▶ Record extracts:
--- --- ---

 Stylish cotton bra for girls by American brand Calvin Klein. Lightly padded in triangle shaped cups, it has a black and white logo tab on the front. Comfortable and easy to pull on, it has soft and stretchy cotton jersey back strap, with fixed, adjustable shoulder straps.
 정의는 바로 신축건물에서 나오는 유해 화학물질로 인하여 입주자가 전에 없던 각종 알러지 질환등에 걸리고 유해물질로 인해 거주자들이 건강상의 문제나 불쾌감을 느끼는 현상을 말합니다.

--- --- ---

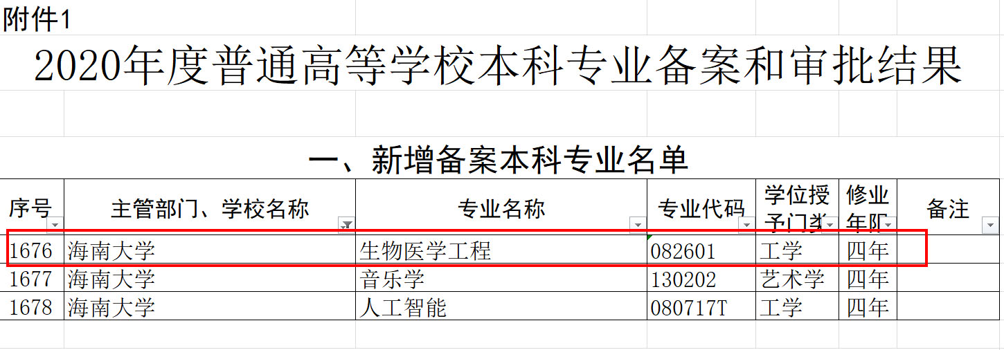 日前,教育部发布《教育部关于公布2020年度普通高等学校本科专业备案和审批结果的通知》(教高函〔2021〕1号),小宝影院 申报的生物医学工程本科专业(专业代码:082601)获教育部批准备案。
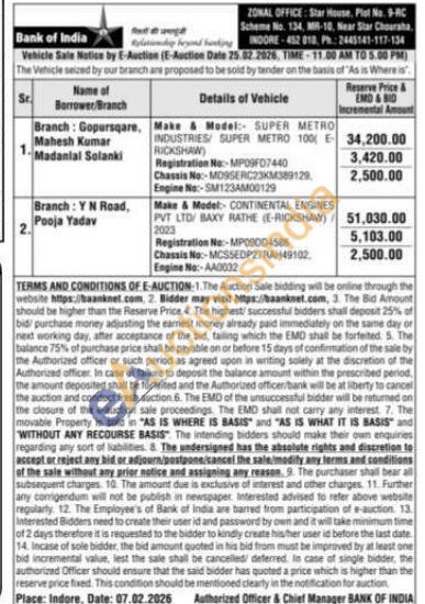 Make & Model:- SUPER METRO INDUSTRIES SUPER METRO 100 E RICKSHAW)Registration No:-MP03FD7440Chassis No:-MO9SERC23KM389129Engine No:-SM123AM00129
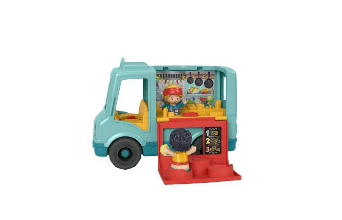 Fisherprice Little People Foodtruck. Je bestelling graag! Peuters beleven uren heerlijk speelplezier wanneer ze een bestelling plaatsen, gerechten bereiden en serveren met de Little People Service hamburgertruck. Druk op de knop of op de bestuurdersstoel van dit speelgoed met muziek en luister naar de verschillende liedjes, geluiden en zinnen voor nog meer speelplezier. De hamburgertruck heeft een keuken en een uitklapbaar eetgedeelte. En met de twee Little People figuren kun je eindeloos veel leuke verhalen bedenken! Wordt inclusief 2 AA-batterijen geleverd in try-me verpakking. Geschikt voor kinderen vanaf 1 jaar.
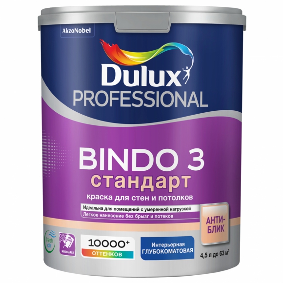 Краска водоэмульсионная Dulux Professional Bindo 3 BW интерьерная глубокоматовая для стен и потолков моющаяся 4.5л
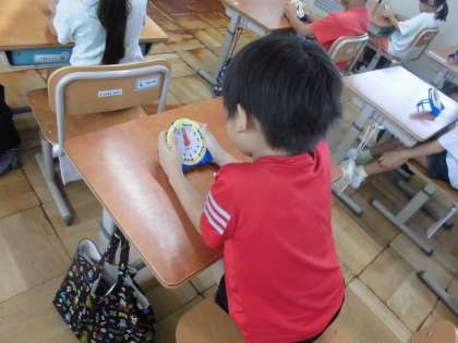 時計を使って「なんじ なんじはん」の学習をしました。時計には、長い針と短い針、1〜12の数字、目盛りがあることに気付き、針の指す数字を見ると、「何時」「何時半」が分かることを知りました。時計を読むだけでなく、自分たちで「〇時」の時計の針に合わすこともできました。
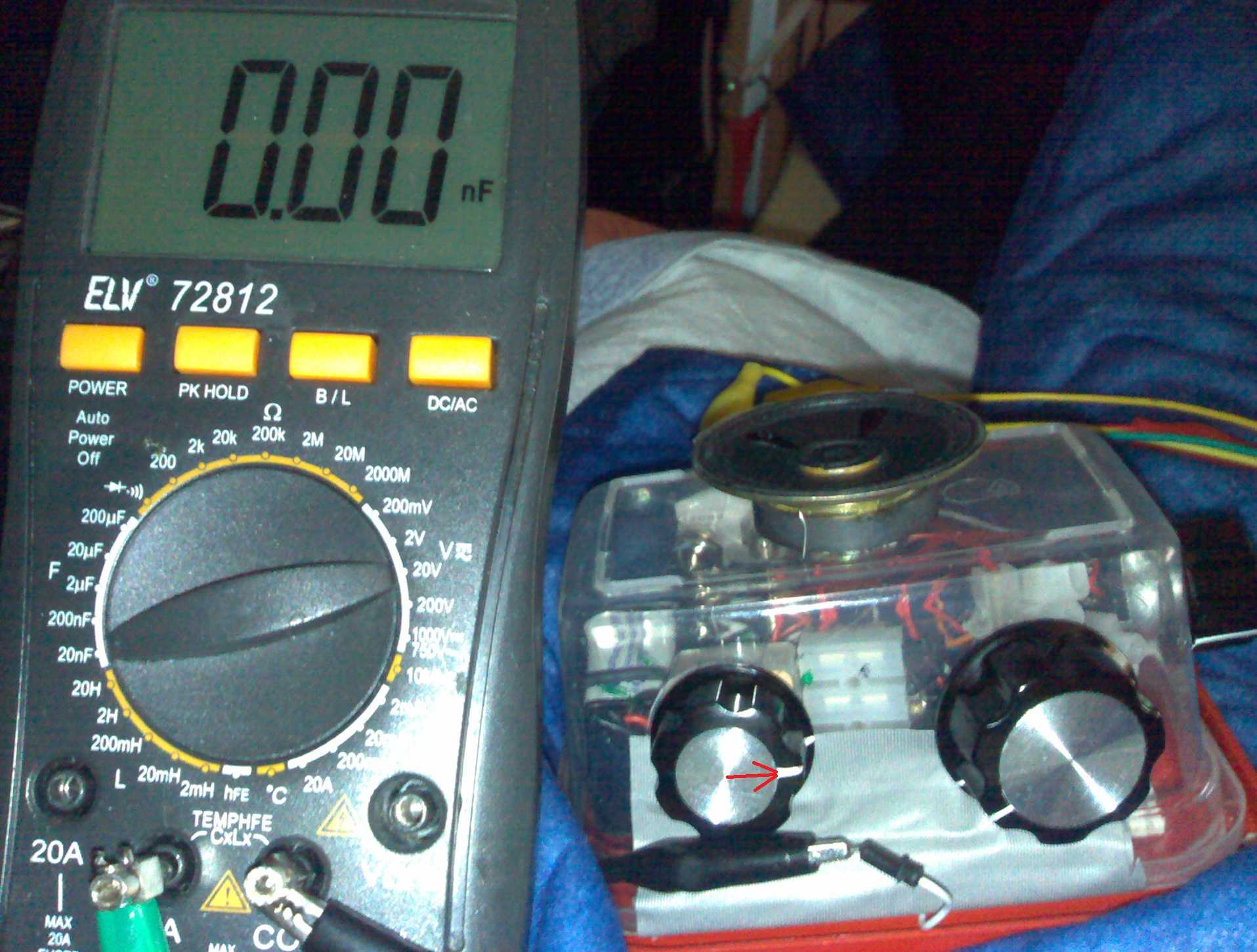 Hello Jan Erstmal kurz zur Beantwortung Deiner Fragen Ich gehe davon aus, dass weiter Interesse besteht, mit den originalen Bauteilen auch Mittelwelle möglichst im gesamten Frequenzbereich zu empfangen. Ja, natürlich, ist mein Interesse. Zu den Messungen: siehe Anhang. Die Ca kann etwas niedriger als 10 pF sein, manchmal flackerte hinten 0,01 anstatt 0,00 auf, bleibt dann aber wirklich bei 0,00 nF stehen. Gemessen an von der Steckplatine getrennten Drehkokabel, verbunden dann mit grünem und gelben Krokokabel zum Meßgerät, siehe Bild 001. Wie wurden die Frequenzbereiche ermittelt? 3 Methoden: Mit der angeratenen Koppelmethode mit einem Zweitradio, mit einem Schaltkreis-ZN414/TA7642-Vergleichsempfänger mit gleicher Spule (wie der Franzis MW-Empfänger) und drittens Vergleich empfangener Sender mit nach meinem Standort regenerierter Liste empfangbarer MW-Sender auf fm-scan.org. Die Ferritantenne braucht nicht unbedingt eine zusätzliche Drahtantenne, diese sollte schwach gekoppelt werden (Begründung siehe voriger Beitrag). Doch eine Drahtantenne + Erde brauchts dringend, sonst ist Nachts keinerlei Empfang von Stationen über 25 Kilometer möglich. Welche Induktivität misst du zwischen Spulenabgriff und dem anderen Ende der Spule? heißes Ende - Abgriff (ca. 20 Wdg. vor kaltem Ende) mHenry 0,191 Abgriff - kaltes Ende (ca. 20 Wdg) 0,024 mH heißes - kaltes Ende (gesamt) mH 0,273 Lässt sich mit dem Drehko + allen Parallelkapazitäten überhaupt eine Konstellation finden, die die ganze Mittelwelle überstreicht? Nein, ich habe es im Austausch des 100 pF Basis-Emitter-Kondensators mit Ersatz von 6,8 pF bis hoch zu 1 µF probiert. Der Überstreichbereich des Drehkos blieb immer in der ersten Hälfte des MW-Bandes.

--- --- ---

▶ What needs to be done: Those lines of the records above that run from the one containing "Make & Model:- SUPER" through the one containing "時計を使って「なんじ なんじ" should be returned exactly, with no pictures among them.

▶ Task response:
 Make & Model:- SUPER METRO INDUSTRIES SUPER METRO 100 E RICKSHAW)Registration No:-MP03FD7440Chassis No:-MO9SERC23KM389129Engine No:-SM123AM00129
 Fisherprice Little People Foodtruck. Je bestelling graag! Peuters beleven uren heerlijk speelplezier wanneer ze een bestelling plaatsen, gerechten bereiden en serveren met de Little People Service hamburgertruck. Druk op de knop of op de bestuurdersstoel van dit speelgoed met muziek en luister naar de verschillende liedjes, geluiden en zinnen voor nog meer speelplezier. De hamburgertruck heeft een keuken en een uitklapbaar eetgedeelte. En met de twee Little People figuren kun je eindeloos veel leuke verhalen bedenken! Wordt inclusief 2 AA-batterijen geleverd in try-me verpakking. Geschikt voor kinderen vanaf 1 jaar.
 Краска водоэмульсионная Dulux Professional Bindo 3 BW интерьерная глубокоматовая для стен и потолков моющаяся 4.5л
 時計を使って「なんじ なんじはん」の学習をしました。時計には、長い針と短い針、1〜12の数字、目盛りがあることに気付き、針の指す数字を見ると、「何時」「何時半」が分かることを知りました。時計を読むだけでなく、自分たちで「〇時」の時計の針に合わすこともできました。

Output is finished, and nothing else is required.